> **Task inputs**:

__________

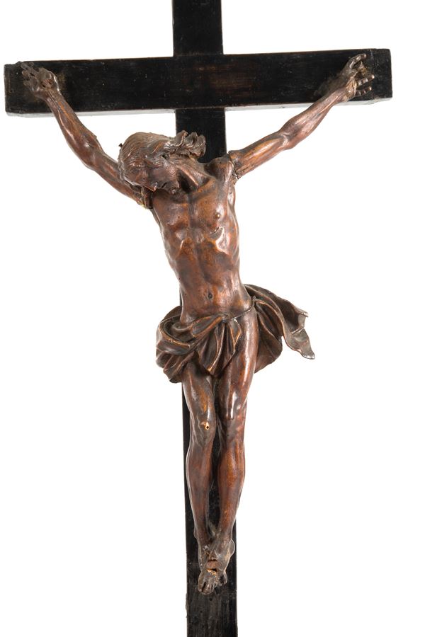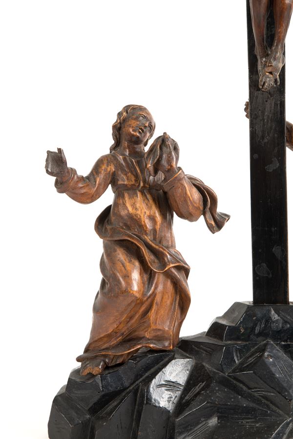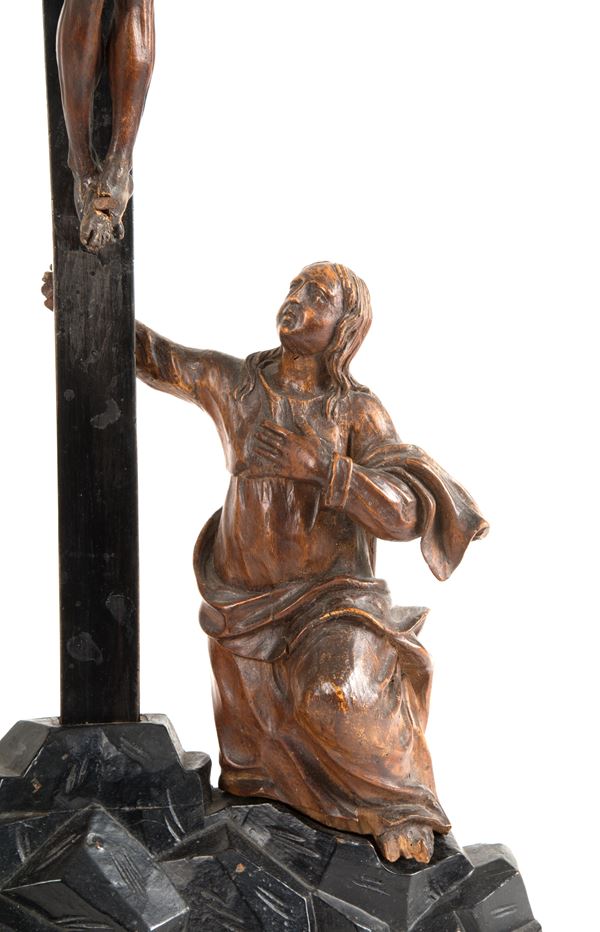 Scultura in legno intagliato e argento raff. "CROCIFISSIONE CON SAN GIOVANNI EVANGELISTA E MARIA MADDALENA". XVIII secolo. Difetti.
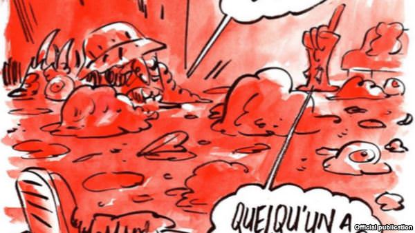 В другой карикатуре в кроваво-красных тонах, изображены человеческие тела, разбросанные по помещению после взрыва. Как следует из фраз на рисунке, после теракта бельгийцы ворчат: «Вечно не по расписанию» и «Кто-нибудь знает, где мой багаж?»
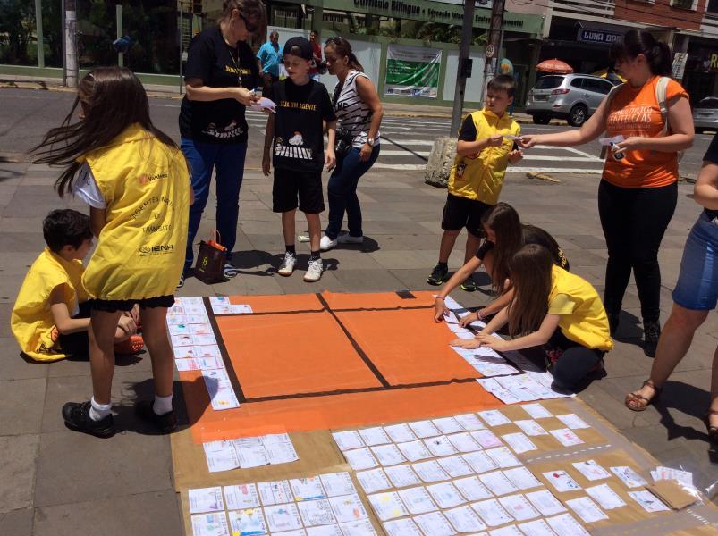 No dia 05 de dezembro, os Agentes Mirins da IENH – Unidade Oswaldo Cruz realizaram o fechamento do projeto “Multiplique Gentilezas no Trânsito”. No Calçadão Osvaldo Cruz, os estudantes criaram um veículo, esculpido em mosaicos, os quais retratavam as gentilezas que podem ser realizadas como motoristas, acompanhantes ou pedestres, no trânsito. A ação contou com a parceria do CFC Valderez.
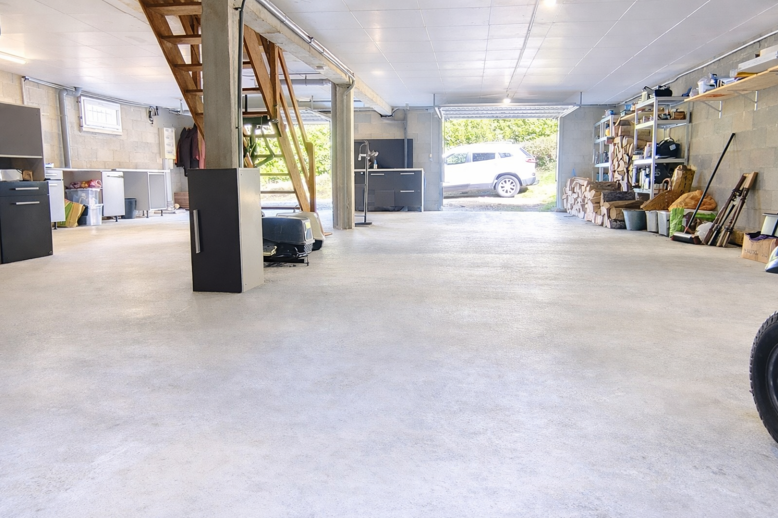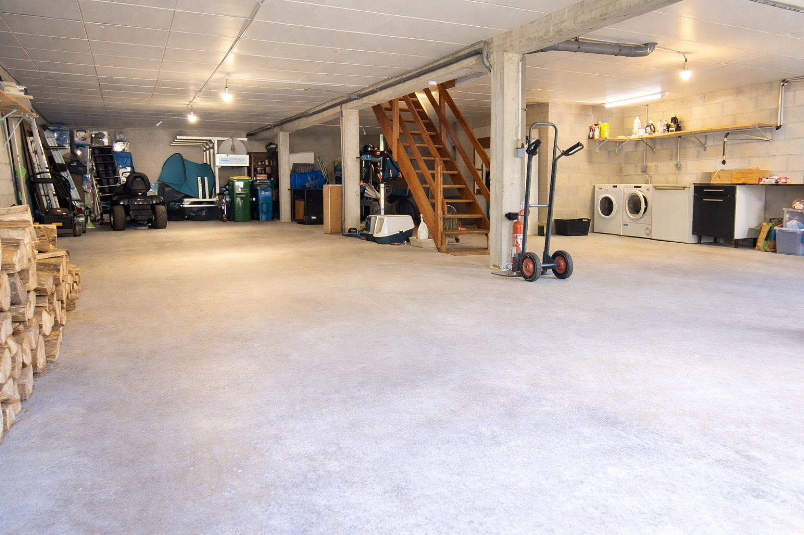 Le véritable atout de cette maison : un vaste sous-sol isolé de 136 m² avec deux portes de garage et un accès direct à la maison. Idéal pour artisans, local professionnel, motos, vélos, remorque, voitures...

__________

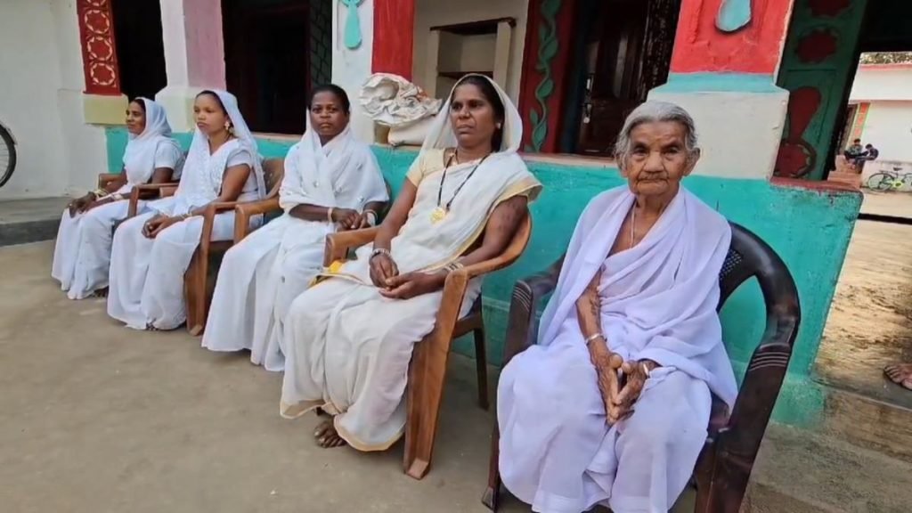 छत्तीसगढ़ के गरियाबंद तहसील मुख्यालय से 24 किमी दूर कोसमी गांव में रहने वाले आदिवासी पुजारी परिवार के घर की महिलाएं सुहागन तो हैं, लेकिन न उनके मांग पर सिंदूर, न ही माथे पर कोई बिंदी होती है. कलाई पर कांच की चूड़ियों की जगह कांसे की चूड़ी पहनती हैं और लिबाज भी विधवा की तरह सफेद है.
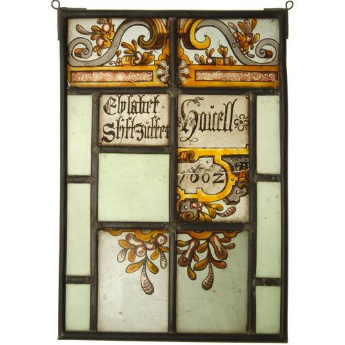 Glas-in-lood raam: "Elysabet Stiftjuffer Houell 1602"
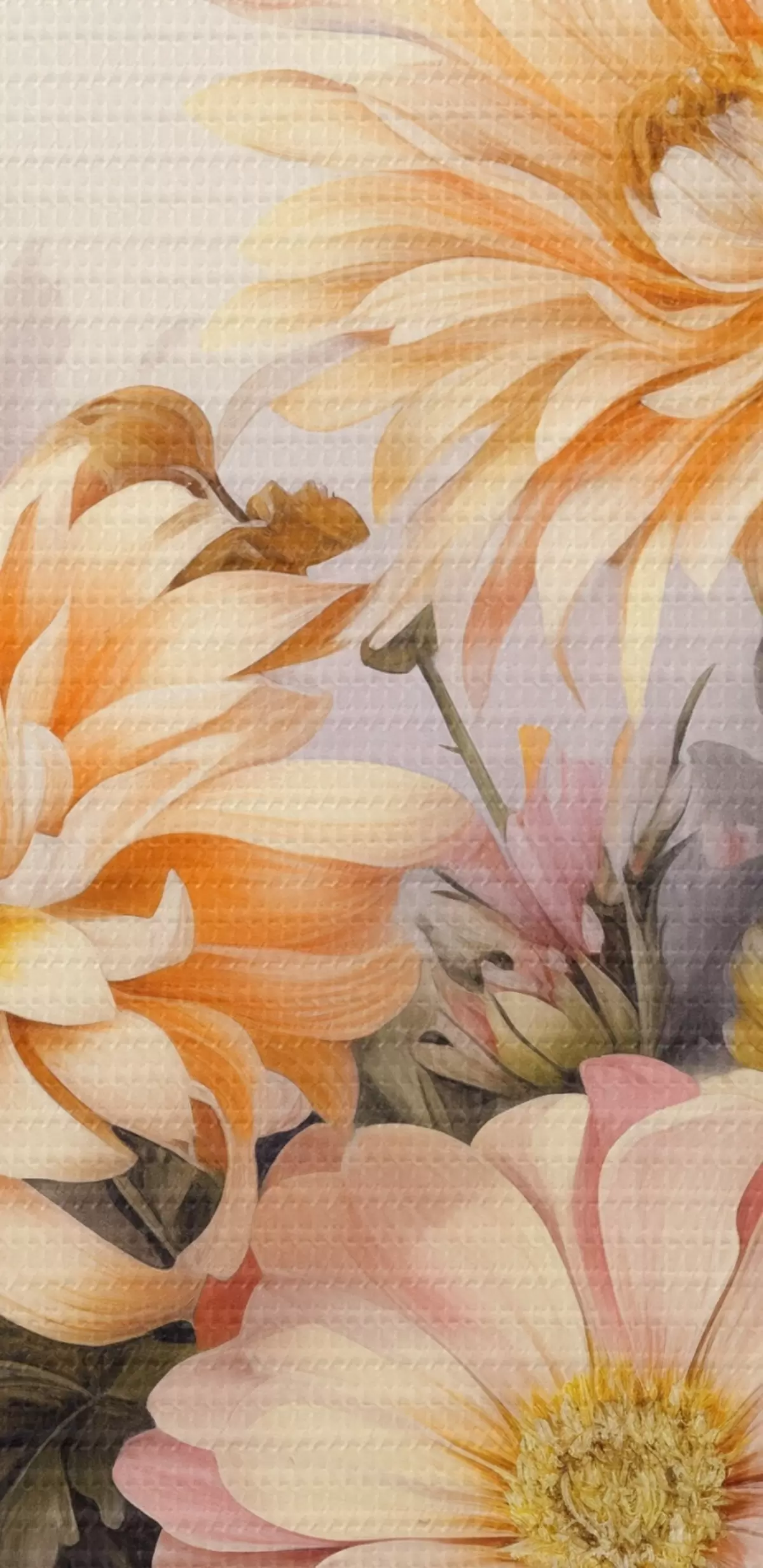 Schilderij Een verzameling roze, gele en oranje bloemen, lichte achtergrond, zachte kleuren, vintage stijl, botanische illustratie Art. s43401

__________

Now transcribe the lines above exactly, starting at the line containing "Scultura in legno" and ending at the line containing "Le véritable atout", both lines included, pictures excluded.

> **Solution to the problem**:
 Scultura in legno intagliato e argento raff. "CROCIFISSIONE CON SAN GIOVANNI EVANGELISTA E MARIA MADDALENA". XVIII secolo. Difetti.
 В другой карикатуре в кроваво-красных тонах, изображены человеческие тела, разбросанные по помещению после взрыва. Как следует из фраз на рисунке, после теракта бельгийцы ворчат: «Вечно не по расписанию» и «Кто-нибудь знает, где мой багаж?»
 No dia 05 de dezembro, os Agentes Mirins da IENH – Unidade Oswaldo Cruz realizaram o fechamento do projeto “Multiplique Gentilezas no Trânsito”. No Calçadão Osvaldo Cruz, os estudantes criaram um veículo, esculpido em mosaicos, os quais retratavam as gentilezas que podem ser realizadas como motoristas, acompanhantes ou pedestres, no trânsito. A ação contou com a parceria do CFC Valderez.
 Le véritable atout de cette maison : un vaste sous-sol isolé de 136 m² avec deux portes de garage et un accès direct à la maison. Idéal pour artisans, local professionnel, motos, vélos, remorque, voitures...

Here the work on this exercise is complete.